A game with a little dragon that wouldn’t come out of his box until you moved everything out of his way. A quaint little game that would entertain young students in the early primary years. A game that I sat playing for at least 15 minutes wondering what the heck was the purpose, and how much longer did I have to do this for?
But then the game started to make sense. I was doing algebra! I had actually been told this at the start when downloading it, but given the troubles I had in getting it up & running, had totally forgotten later once I was playing it.
And suddenly I understood the teacher’s purpose in asking to do this exercise. We were experiencing first hand, the power of hidden learning in games.
This subtle introduction to the scourge of the maths world had the ability to encourage children to actually like algebra, to participate without fear.
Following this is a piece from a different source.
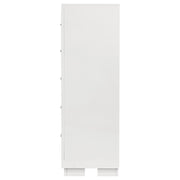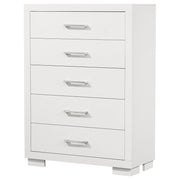 Graceful proportions and contemporary simplicity define this five-drawer chest. Designed for both elegance and function, its spacious drawers glide open to reveal generous storage for garments and essentials. Sleek bar pulls accent the clean lines of its modern silhouette, while a smooth finish enhances the natural warmth of the wood. With refined balance and lasting craftsmanship, this piece elevates the art of everyday organization. Key Features: • Five-drawer chest designed with sleek lines and understated refinement • Snow white finish brightens interiors with a clean, radiant appearance • Felt-lined top drawer cushions jewelry and delicate accessories • Silver-tone bar pulls lend graceful contrast with contemporary flair • Rubberwood and engineered wood frame ensures durability and poise • Tipover restraint included for stability and peace of mind in use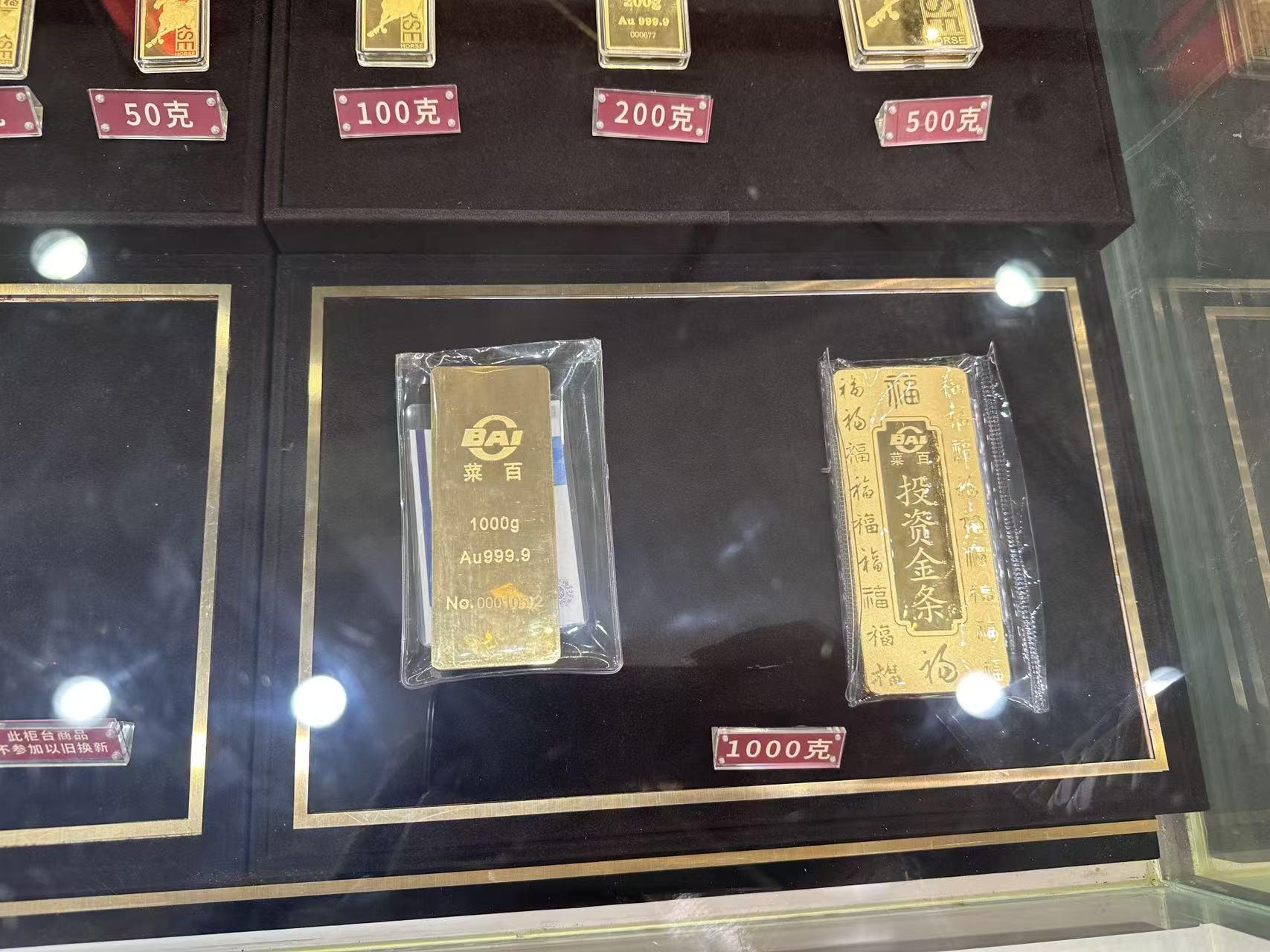 当被问及哪个克重的投资金条卖得更好时,该柜员透露:“1000克的投资金条买得多一些,这个是我们的新款,前两天都卖断货了。”时代周报记者注意到,当天菜百投资金条基础金价为1112元/克,按此计算,购买1000克投资金条需花费111.2万元。

Too many adults that I know get the most frightful looks when reminded of algebra, and the noises they make are even worse! This is a prime example of the maths anxiety that many people experience because of an unpleasant learning experience when they were younger.
But a delightful little game like this, could make all the difference. It’s the attitude we take early on that does the damage. Let children play, don’t tell them it’s algebra, heck, don’t even tell them it’s maths, and they’ll actually enjoy themselves!
Other fellow students have obviously had an interesting time of this too, such as Sharon, who discusses the idea of ‘learning without knowing’. It’s an interesting idea, and one that I had been working on for my artefact, with the issue of gaming in schools.
In doing my research on the issue of computer games for learning, I came across a very informative blog, one that I will continue to visit for inspiration for all things ICT. An English gentleman called Mr. Parkinson, brought up a very interesting concept that ties in perfectly with this theme of hidden learning, and learning without knowing.
Mr P’s ICT Blog, had a great post about ‘Camouflage Learning’, the idea of embedding learning within a game or fun task, so that the student did not even realise they were learning, especially for disengaged or difficult students. This was a way to remove the barriers that are often present in learning.
It certainly reinforces the idea of using ICT effectively and creatively to enhance learning opportunities. It’s also raised the bar, and given me a much higher level to aspire to as a teacher, in that I need to think outside of the box when it comes to creating learning experiences for my students.
But one question I have: is hidden learning really a good thing? What about metacognition? Do we learn better by understanding what we are learning and doing though? Do we need to cognitively recognise the task we’ve been set? I think yes, as we’ll be asked to do it again later – "what’s algebra? I don’t know how to do that! Oh you mean that game with the dragon in the box? Is that what it was?"
At the same time, we’ll avoid the initial repugnant response that most people have towards algebra, even if it's only by reputation, and not from personal experience. Instead of recoiling, we’ll respond with a memory of a fun experience we’ve had, and look forward to more fun experiences. Maybe it's just part of the process. Lead them gently at first with camouflage learning, then hit them up with reality after they've come to terms with it?
Once again, I guess it all comes down to the attitude that you put forward.
What else is there left to say? Game on!